- **Data section**
□ □ □ □ □
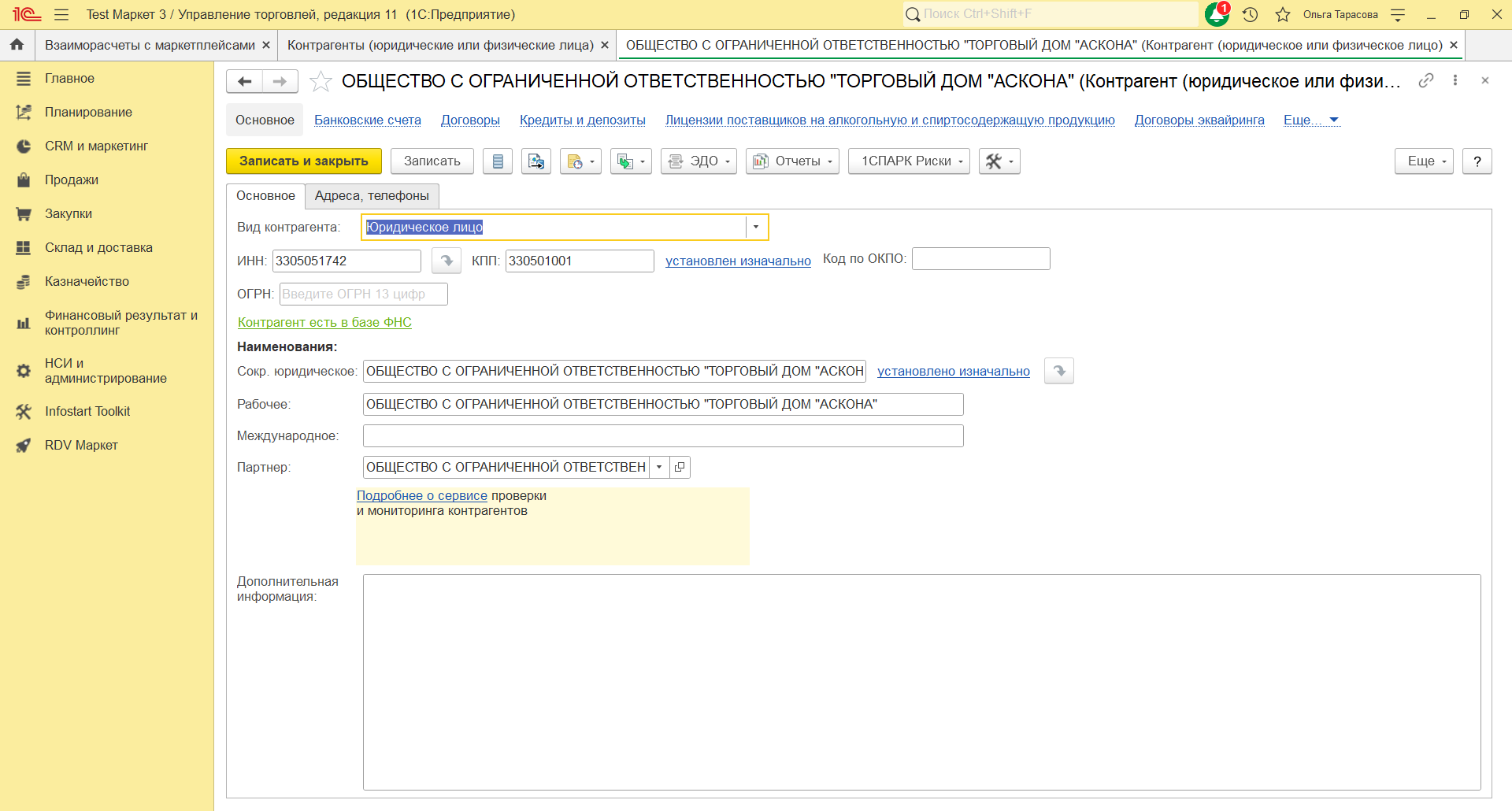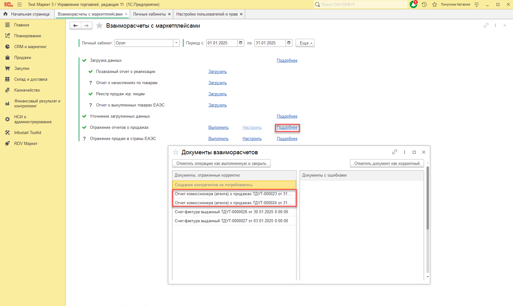 Перед тем как создать нового партнера и контрагента RDV Маркет производит поиск существующих в базе контрагентов по ИНН и КПП, и не будет их дублировать, если ранее они уже были созданы. - В базе 1С будут созданы документы "Отчет комиссионера (агента) о продажах". Один на возвраты (если они были в отчетном периоде), другой на продажи.
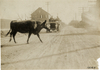 Motorists in 1905 White Steamer automobile waiting for cow to cross road
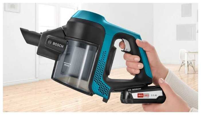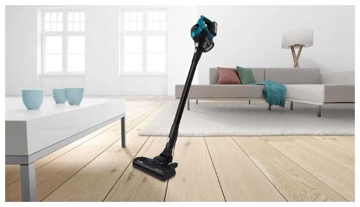 - Конструкция с узким корпусом (ширина 25 см) и весом 2,5 кг позволяет легко перемещать пылесос даже в узких пространствах.
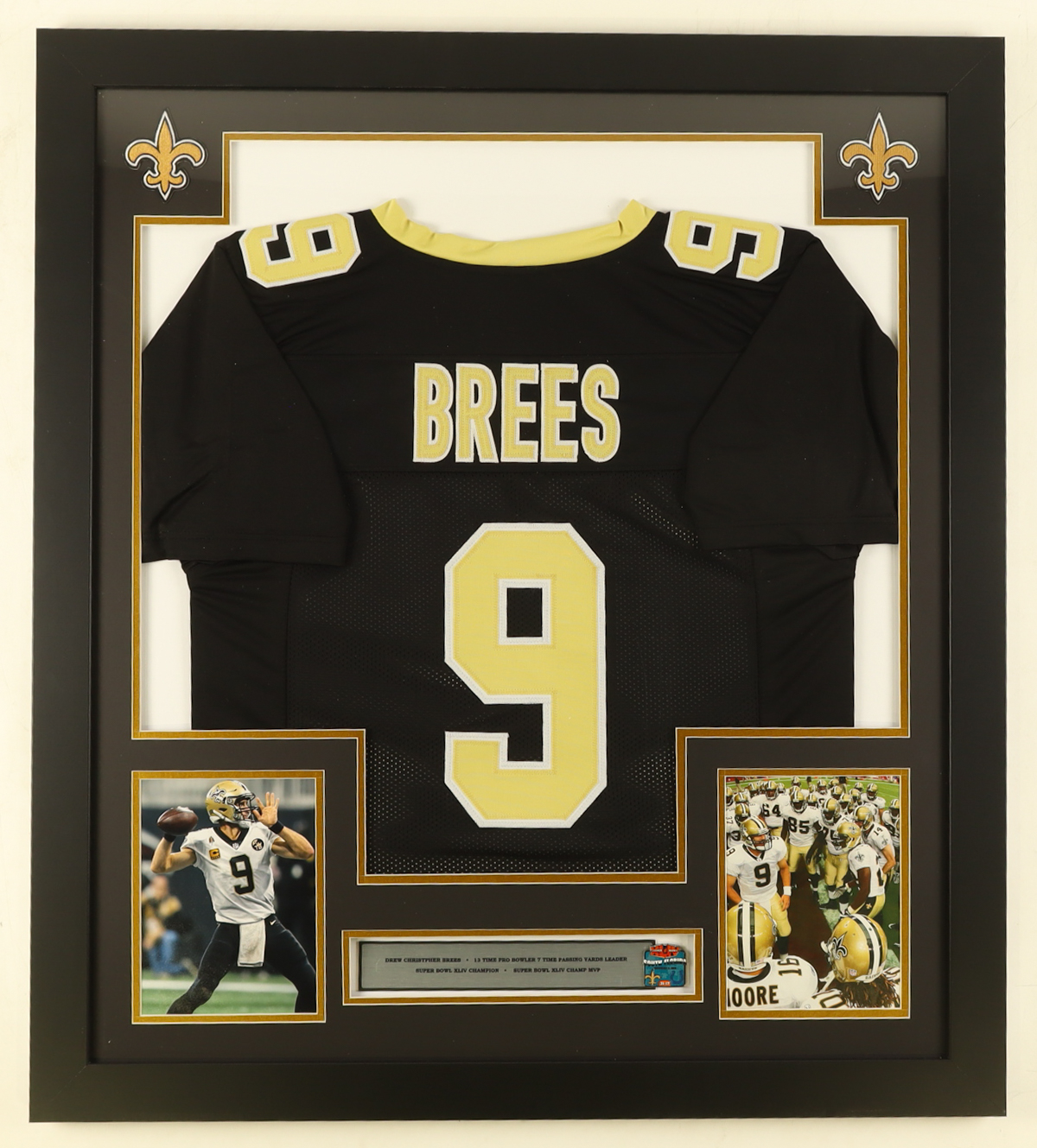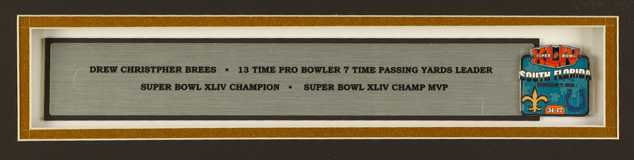 Custom frame measures approximately 33” x 37” in size and features an unsigned jersey for Drew Brees (New Orleans Saints). The display also includes an official XLIV pin as well as (2) cloth team logo patches. Please note, the display is unsigned.
□ □ □ □ □
- **What you need to do**
Word for word, repeat all the data, but not its images.

- **Result of this exercise**
 Перед тем как создать нового партнера и контрагента RDV Маркет производит поиск существующих в базе контрагентов по ИНН и КПП, и не будет их дублировать, если ранее они уже были созданы. - В базе 1С будут созданы документы "Отчет комиссионера (агента) о продажах". Один на возвраты (если они были в отчетном периоде), другой на продажи.
 Motorists in 1905 White Steamer automobile waiting for cow to cross road
 - Конструкция с узким корпусом (ширина 25 см) и весом 2,5 кг позволяет легко перемещать пылесос даже в узких пространствах.
 Custom frame measures approximately 33” x 37” in size and features an unsigned jersey for Drew Brees (New Orleans Saints). The display also includes an official XLIV pin as well as (2) cloth team logo patches. Please note, the display is unsigned.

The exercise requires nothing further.